Mikrop avı Günümüzdeki antibiyotiklerin yüzde 70’i toprak aktinobakterilerinden kaynaklansa da, Dünya’nın çevrelerinin büyük çoğunluğu antibiyotik keşfi için henüz keşfedilmemiş durumda. Bu nedenle ekip, Arktik Okyanusu’nda bu yeni molekülleri aramaya karar verdi.
Ancak bakterileri tamamen öldüren geleneksel türü aramıyorlar. Bakterilerin hastalığa neden olma yeteneğini veya “virülanslarını” azaltabilecek bileşikler arıyorlar.
Tammela IE’ye “Bakterileri öldürmek yerine virülansı hedeflemek, enfeksiyonları tedavi etme seçeneklerinden biri olarak araştırılıyor ve antimikrobiyal direnç için daha az risk taşıdığı düşünülüyor,”
Arktik Okyanusu’ndan örnekler topladılar ve bunları antivirülans özellikleri açısından test ettiler. Ekip, bunun için deniz aktinobakterilerinden elde edilen özütleri analiz etmek için gelişmiş laboratuvar teknikleri kullandı.
Aylar süren araştırmaların ardından ekip bir atılım gerçekleştirdi. Tehlikeli bir E. coli bakterisi suşunun virülansını engelleyebilen doğal bir bileşik buldular.
Tammela IE’ye basın bülteninde, “Büyümesini etkilemeden enteropatojenik E. coli (EPEC) virülansını engelleyen bir bileşik ve Arktik Okyanusu’ndaki aktinobakterilerde büyümeyi engelleyen bir bileşik keşfettik”
Yeni bileşikler EPEC, özellikle beş yaş altı çocuklarda şiddetli ishalin başlıca nedenidir. Bağırsak astarına yapışır ve konak hücrelerine zararlı toksinler enjekte ederek normal hücre işlevlerini bozar ve hastalığa yol açar.

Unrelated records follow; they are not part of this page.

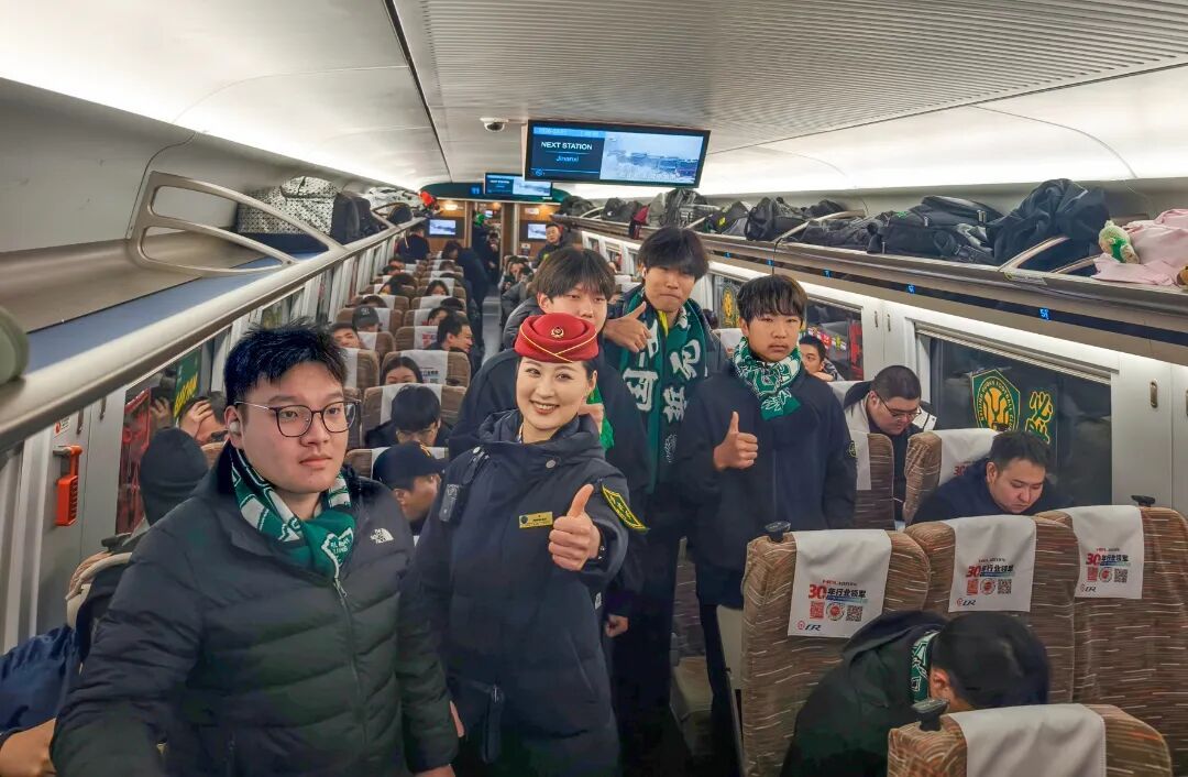 据了解,2026年中国足球协会超级杯比赛将于3月1日在南京奥体中心体育场举办,由北京国安足球俱乐部对阵上海海港足球俱乐部。为方便北京球迷赴南京现场为心爱的球队加油助威,国铁北京局积极响应市场需求,主动对接、精心组织,通过优化运力配置,开行了此次G43次“球迷列车”,并在车厢内营造氛围,全力保障球迷的跨城观赛之旅。
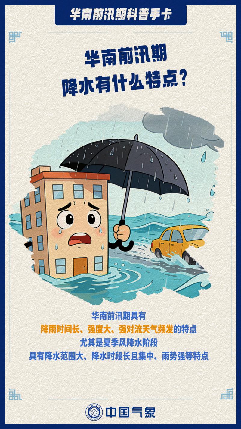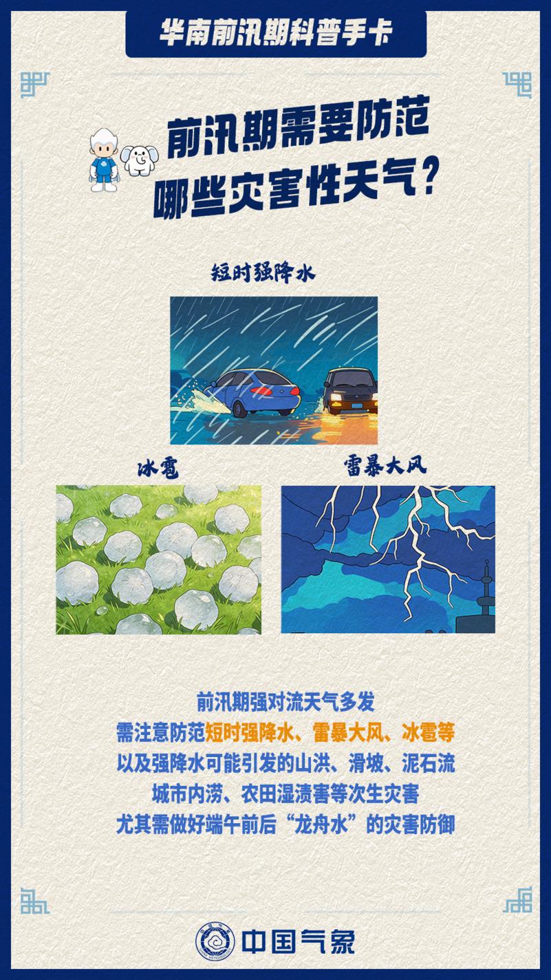 华南前汛期具有降水时间长、强度大、强对流天气频发的特点,需注意防范短时强降水、雷暴大风、冰雹以及强降水可能引发的山洪、滑坡、泥石流、城市暴雨积涝、农田湿渍害等次生灾害,尤其需做好端午前后“龙舟水”的防御。
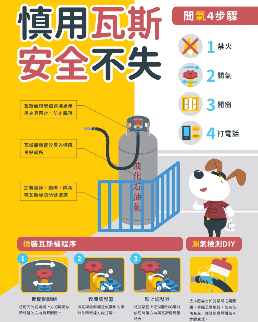 備 註:本網頁部份資訊係參考「內政部消防署-消防防災館-瓦斯使用安全」製作,如欲查詢更詳細資料請自行至內政部消防署-消防防災館網站下載。
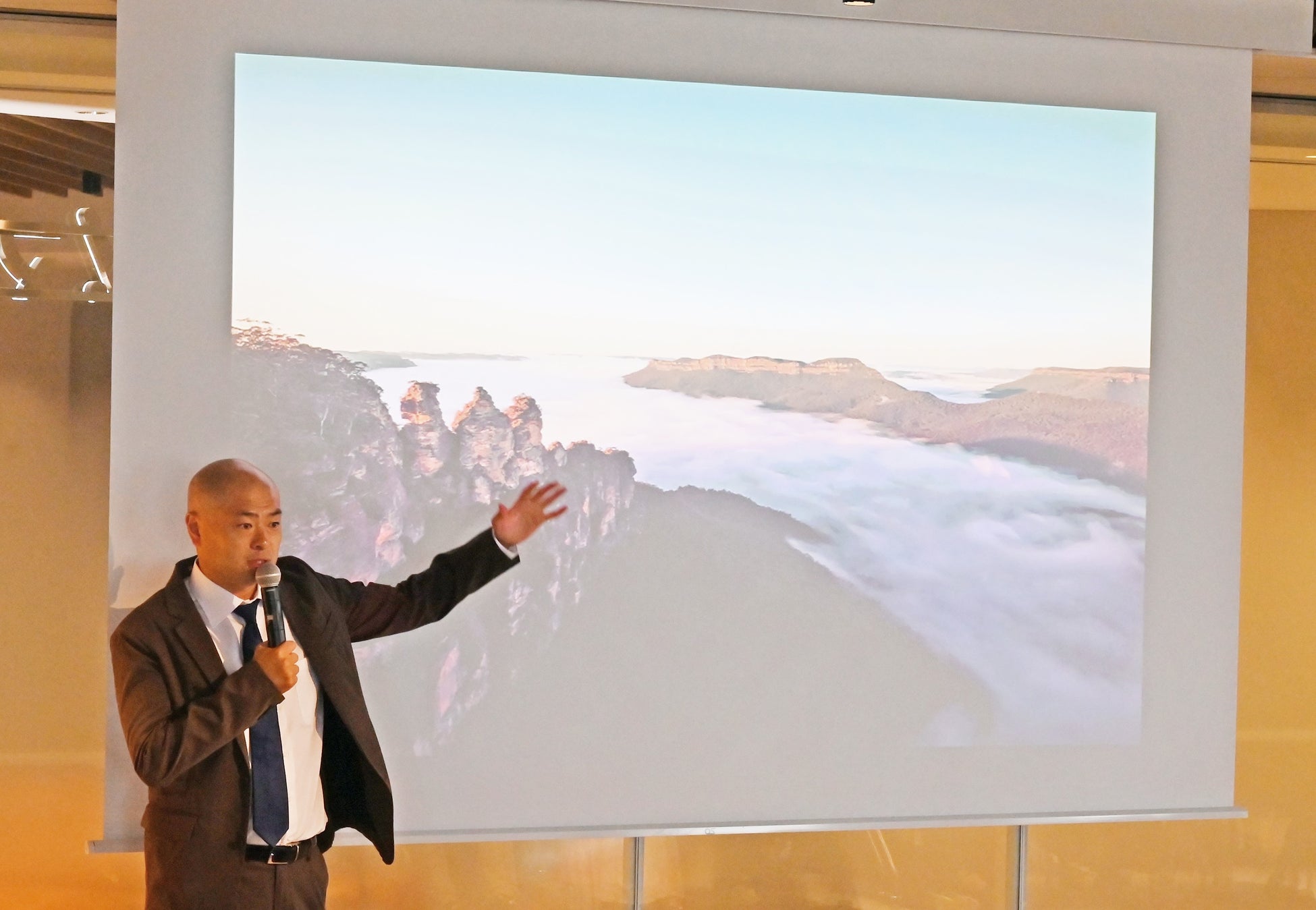 特定非営利活動法人世界遺産アカデミー 世界遺産検定事務局の主任研究員である宮澤光氏が登壇し、そもそも世界遺産とは何なのか、そしてオーストラリアにある世界遺産について解説しました。

Bu çalışmada, bileşikler 2020’de Arktik Denizi’ne yapılan bir Norveç araştırma gezisi sırasında toplanan dört aktinobakteri türünden çıkarıldı.
İzole edilen aktinobakteriler kültürlendi, çıkarıldı ve laboratuvar ortamında EPEC’e karşı test edildi. Tammela, IE’ye verdiği demeçte, “Çoğu zorluk, kültürleme ve çıkarmadan fraksiyonlama ve izolasyona kadar uzanan uzun süreç olan örneklerle ilgiliydi.”
Tarama süreci, daha önce bilinmeyen iki güçlü antivirülans veya antibakteriyel aktiviteye sahip bileşiği tanımladı. Bir bileşik, T091-5 olarak adlandırılan tanımlanmamış bir Rhodococcus suşundan izole edildi, diğeri ise T160-2 olarak etiketlenen tanımlanmamış bir Kocuria suşundan elde edildi.
İkisi arasında, EPEC büyümesi üzerindeki etkisinin olmaması nedeniyle T091-5 bileşiği en umut verici olanıdır.
Ekip “Bunlar çok erken bulgular ve bileşiklerin terapötik uygulamalar için iyi adaylar olup olmadıklarını bilmeden önce çok daha fazla çalışılması gerekecek.” diye belirtti. Makalemizde, öncelikle gelişmiş, fenotipik tarama yöntemlerinin yeni antibiyotik adaylarını keşfetmek için ne kadar yararlı olabileceğini ve örnek miktarının çok sınırlı olabileceği deniz doğal ürünlerini incelemek için nasıl entegre edilebileceğini göstermeyi amaçladık.”